Marlborough Street is a street in the city centre of Dublin, Ireland.

Naming
The street was named Great Marlborough Street after the 1st Duke of Marlborough, known for his victory at the Battle of Blenheim during the 18th century. In the late 19th century it was for a time called Tyrone Street after Tyrone House. The lower part of the street was at different times called Union Lane, Ferryboat Lane, and Union Street.

Buildings
One of the principal buildings on this street is St Mary's Pro-Cathedral, designed by John Sweetman, and completed in 1825. Other buildings include offices of the Department of Education and Skills.

There is also what used to be a depot belonging to the Dublin United Tramways Company. Dublin Bus now use the premises.

Towards the junction with Parnell Street, there is the 1970s 8-storey office block, Telephone House designed by Brian Hogan. 13 tenement buildings with shops were demolished to make way for development. Far higher than most of the neighbouring buildings, it has been largely seen as having a negative impact on the streetscape, including vistas from the nearby North Great George's Street.

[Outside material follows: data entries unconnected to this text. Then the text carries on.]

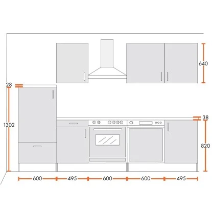 Die Küchenzeile Premium mit einer Breite von 280 cm überzeugt mit zeitloser Optik und ein unschlagbares Preis-Leistungsverhältnis. Die Küche besticht insbesondere durch die Kombination aus Design, Funktion und Robustheit. Alle Möbelteile werden in Deutschland gefertigt und zeichnen sich durch hochwertige Qualität aus. Die teilweise mit Schubladen ausgestatteten Unterschränke und die Hängeschränke bieten viel Stauraum für Ihre Küchenutensilien. Zudem sorgen die modernen Elektrogeräte für hohen Komfort beim Kochen. Die Küchenzeile besteht aus Kühlschrank mit 3-Sterne-Gefrierfach, Edelstahl-Herd mit Backofen und Dunstabzugshaube, Geschirrspüler, Spüle mit Unterschrank, einem weiteren Unterschrank mit Schublade, einer Schublade unter dem Kühlschrank und Hängeschränken. Die Arbeitsplatte wird ohne Ausschnitte in einer Stärke von 38 mm geliefert.
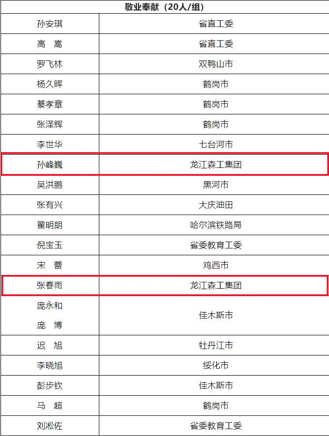 根據(jù)《關(guān)于開(kāi)展2025年度“龍江好人”評(píng)選和“中國(guó)好人”推薦工作的通知》要求,經(jīng)各地各系統(tǒng)推薦、資格審查、網(wǎng)絡(luò)評(píng)議、專家評(píng)審、負(fù)面情況核查、社會(huì)公示等環(huán)節(jié),王莉文等47人(組)當(dāng)選2025年第一季度“龍江好人”。其中,助人為樂(lè)14人,見(jiàn)義勇為4人(組),誠(chéng)實(shí)守信6人,敬業(yè)奉獻(xiàn)20人(組),孝老愛(ài)親3人。龍江森工集團(tuán)孫峰巍和張春雨入選敬業(yè)奉獻(xiàn)類“龍江好人”。
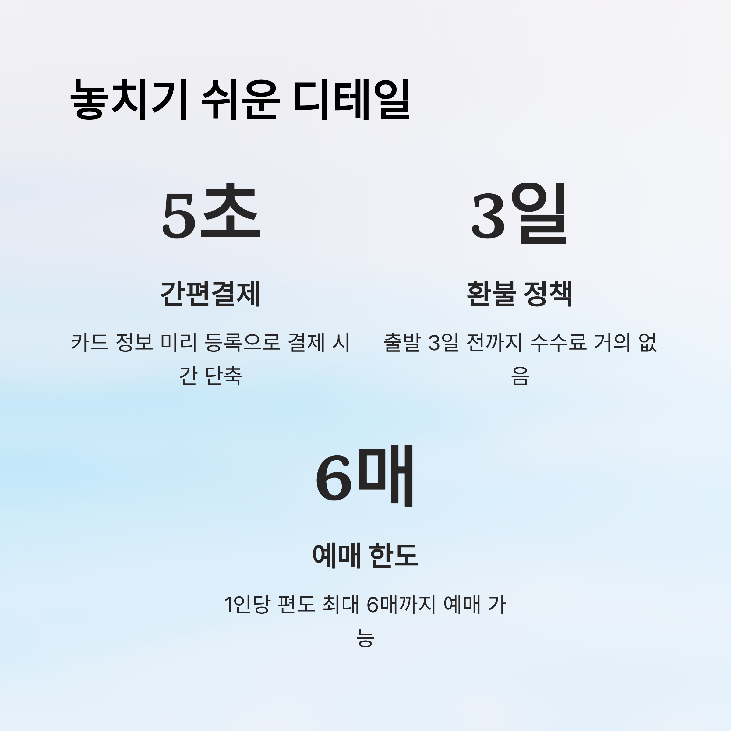 | 4단계 | 좌석 선택 | 창가/복도 구분 없이 먼저 예매 |

Marlborough Street was the location of the original St. Thomas’s Church which was damaged in 1922.

Luas

Marlborough Luas stop on the street is on the Green Line. Construction started in June 2013, with services beginning on 9 December 2017. Being near the Red line Abbey street stop it is a key interchange point on the two Luas lines.

See also

List of streets and squares in Dublin

References

Streets in Dublin (city)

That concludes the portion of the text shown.